As optical quantum information processing protocols and experiments become increasingly more complex, integrated optics provide a small and robust alternative to traditional bulk optics. Specifically, waveguide technology allows for the creation of bright single-photon sources based on the fact that photon pairs can be created at any location along the waveguide. For our goals, we are working on the characterization of a highly nondegenerate Spontaneous Parametric Down-Conversion (SPDC) waveguide source on a periodically poled KTP (PPKTP) crystal. Our current waveguide source uses type-II phase-matching to create collinear signal and idler photons at 1550 nm and 810 nm, respectively, with the promise of generating simultaneous time-bin and polarization entanglement in future iterations. Our intended source application is for use in quantum key distribution and superdense teleportation protocols between a space platform and collection telescopes on Earth.

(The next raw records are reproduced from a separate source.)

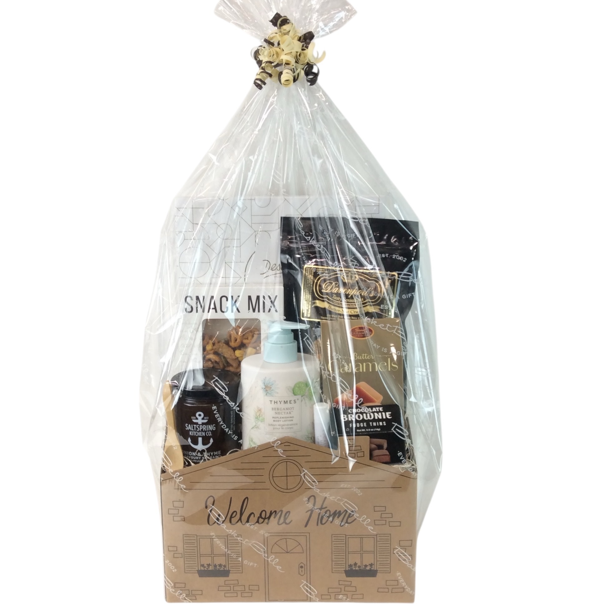 Designed in an adorable "Welcome Home" house box, wrapped in our signature BasketBelle finishing wrap and tied off with colourful ribbon!
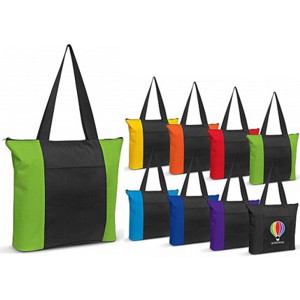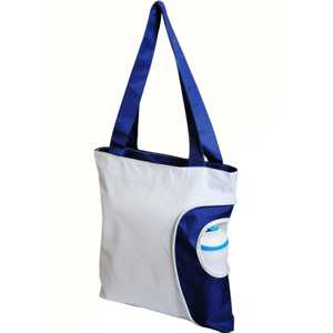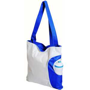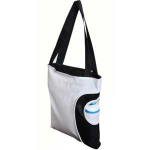 Tote bag manufactured from 600D polyester. Features a side slip pocket, zippered main compartment. Double shoulder straps. Decoration is by a screen print or full colour digital transfer. Minimum order: 50  Lead time: 2 - 3 weeks
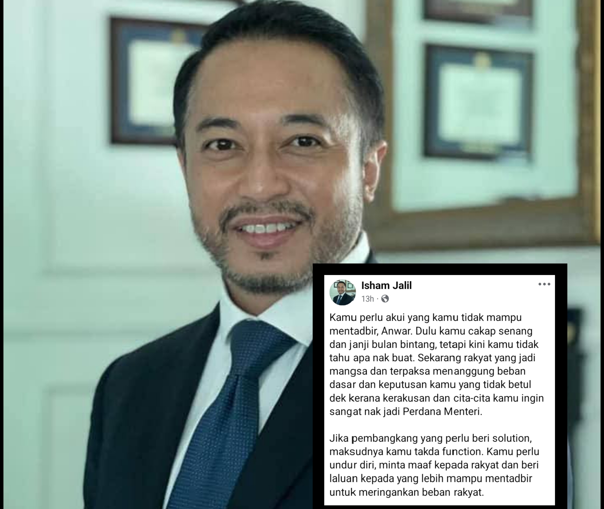 Isham dalam satu hantaran di media sosial berkata, Anwar perlu mengakui bahawa beliau tidak mampu mentadbir walau dulu membuat pelbagai janji.

We can envision an eventual global multi-node quantum network, with hubs located around the planet. This, however, is still a far reach from current state of the art. Here we discuss some of our approaches to bridge the gap. Specifically, we are pursuing airborne and satellite-based free-space quantum communication. Free-space platforms naturally lend themselves to reconfiguration - likely required by a future quantum-secure network -- as nodes may be easily moved/reoriented to target new nodes. We are implementing a multi-copter drone-based quantum cryptography link, including fast, high-resolution optical stabilization; compact, independent sources; and lightweight single-photon detection. Having access to an agile, reconfigurable QKD networking system will enable quantum cryptography to reach applications prohibited by current approaches, such as temporary networks in seaborne, urban, or even battlefield situations. By using transmitters and receivers at higher altitudes, deleterious effects weather events like fog and turbulence can be mitigated. At longer scale, we are pursuing a quantum link from the International Space Station to earth, which will use hyperentanglement to enable a variety of advanced quantum communication protocols, including multi-bit-per-photon key distribution and "superdense" teleportation. With our table-top experiment we have investigated the effects of loss and turbulence, and demonstrated a system to compensate for the otherwise devastating effect of the Doppler effect from the rapidly moving ISS platform.
Superdense Teleportation (SDT) is a suitable protocol to choose for an advanced demonstration of quantum communication in space. We have taken further steps towards the realization of SDT in such an endeavor. Our system uses polarization and time-bin hyperentanglement via non-degenerate spontaneous parametric downconversion to implement SDT of 4-dimensional equimodular states. Previously, we have shown high fidelity (>90%) SDT implementation and the feasibility to perform SDT on an orbiting platform by correcting the Doppler shift. Here we discuss new analysis of the received state reconstruction performance in the presence of high channel loss and multiple pair events. Additionally, initial characterization of a waveguide-based entanglement source intended for space will be presented.